- [What you should do]:
Return the listing verbatim, images left out.

- [Data segment]:
======

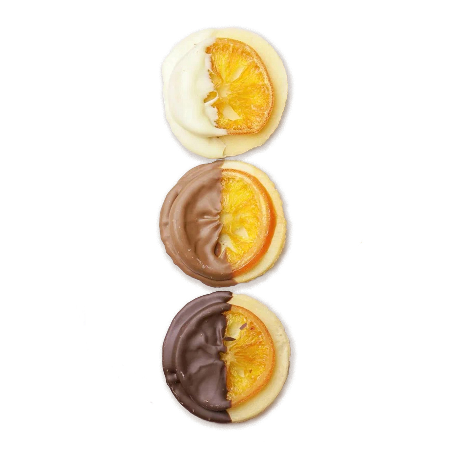 Хрустящее ванильное печенье, цукат апельсиновая долька с шоколадной глазурью.
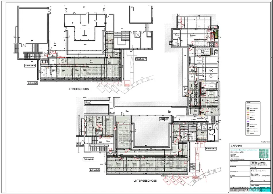 (1): Zugang außerhalb der Öffnungszeiten der Hochschule per Hochschulkarte (Studieausweis/Bedienstetenausweis) am Haupteingang Geb. G und den beiden RZ-Eingängen im EG und UG. Besondere Ereignisse können eine Schließung erzwingen.
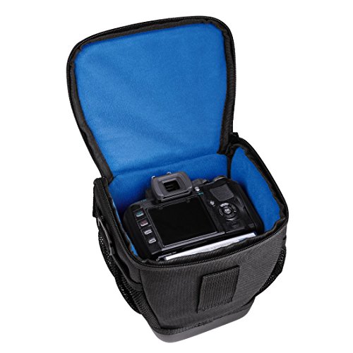 Borsa per fotocamera per riporre e proteggere una fotocamera SLR dotata di un obiettivo da sporco e graffi.
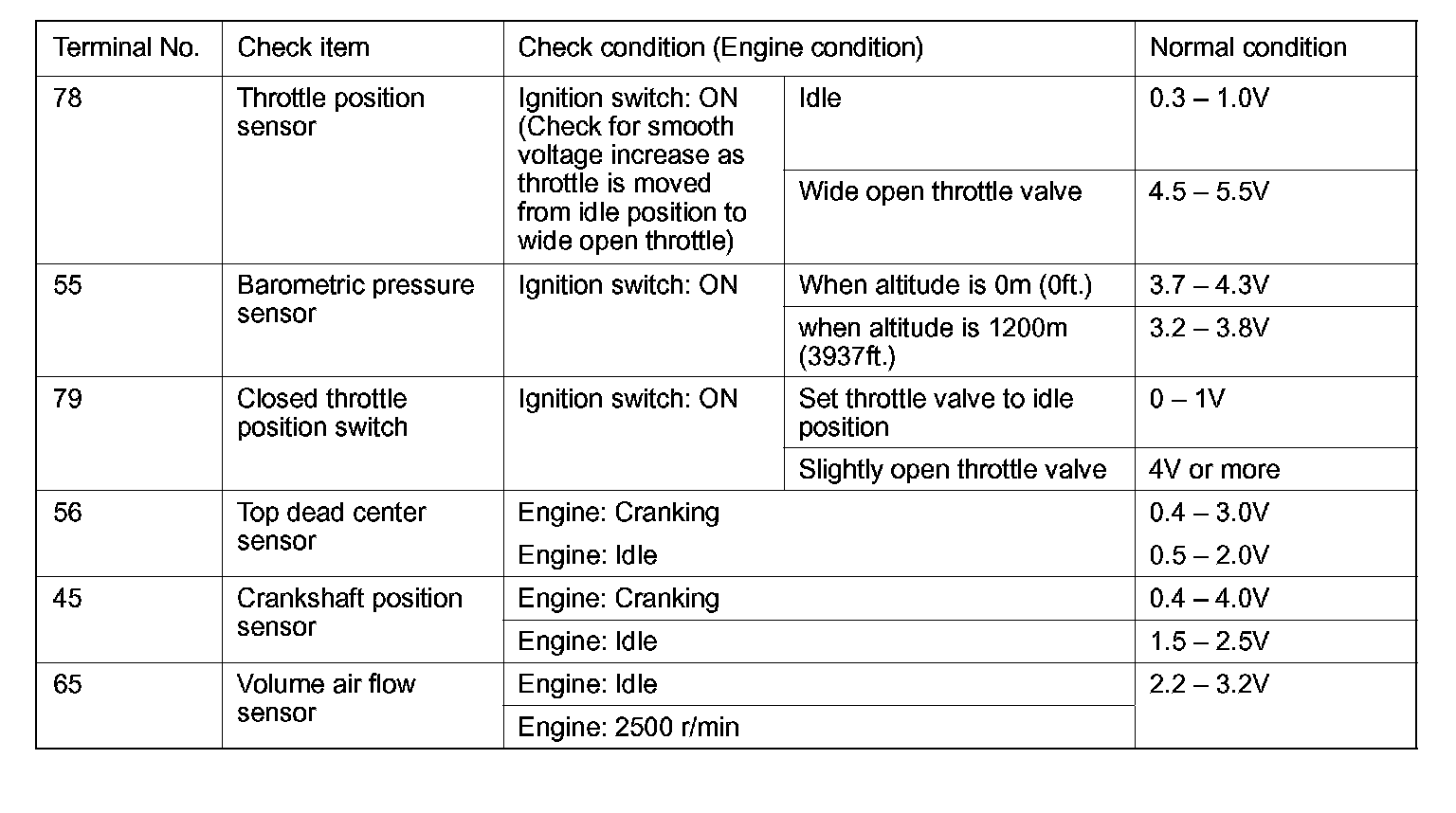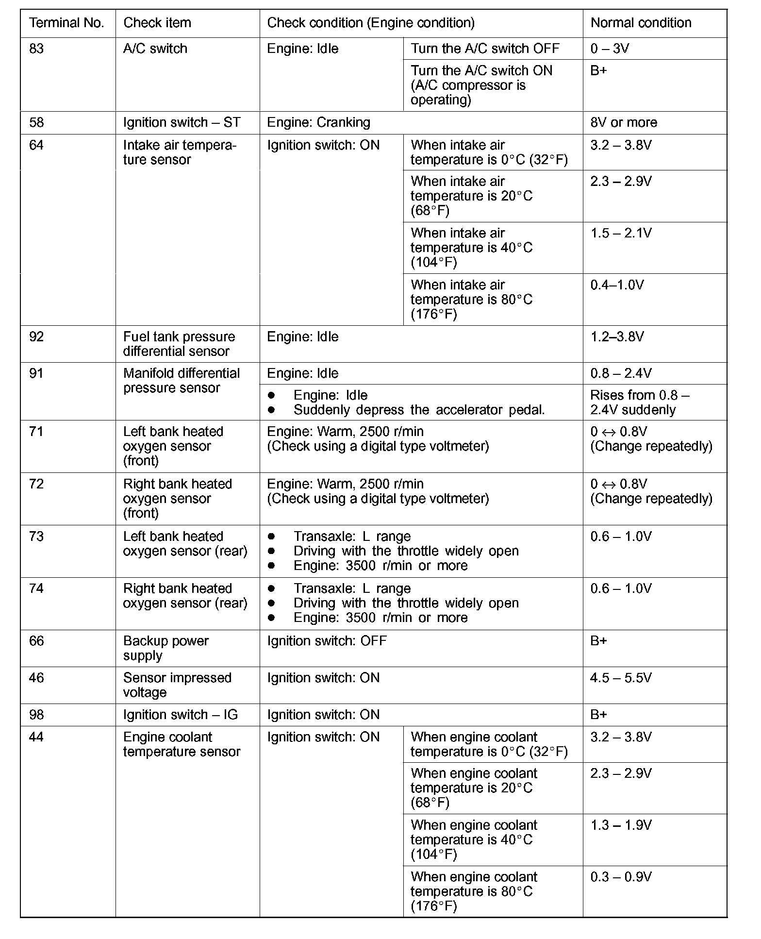 3. If voltmeter shows any division from standard value, check the corresponding sensor, actuator and related electrical wiring, then repair or replace.

======

- [Worked solution]:
 Хрустящее ванильное печенье, цукат апельсиновая долька с шоколадной глазурью.
 (1): Zugang außerhalb der Öffnungszeiten der Hochschule per Hochschulkarte (Studieausweis/Bedienstetenausweis) am Haupteingang Geb. G und den beiden RZ-Eingängen im EG und UG. Besondere Ereignisse können eine Schließung erzwingen.
 Borsa per fotocamera per riporre e proteggere una fotocamera SLR dotata di un obiettivo da sporco e graffi.
 3. If voltmeter shows any division from standard value, check the corresponding sensor, actuator and related electrical wiring, then repair or replace.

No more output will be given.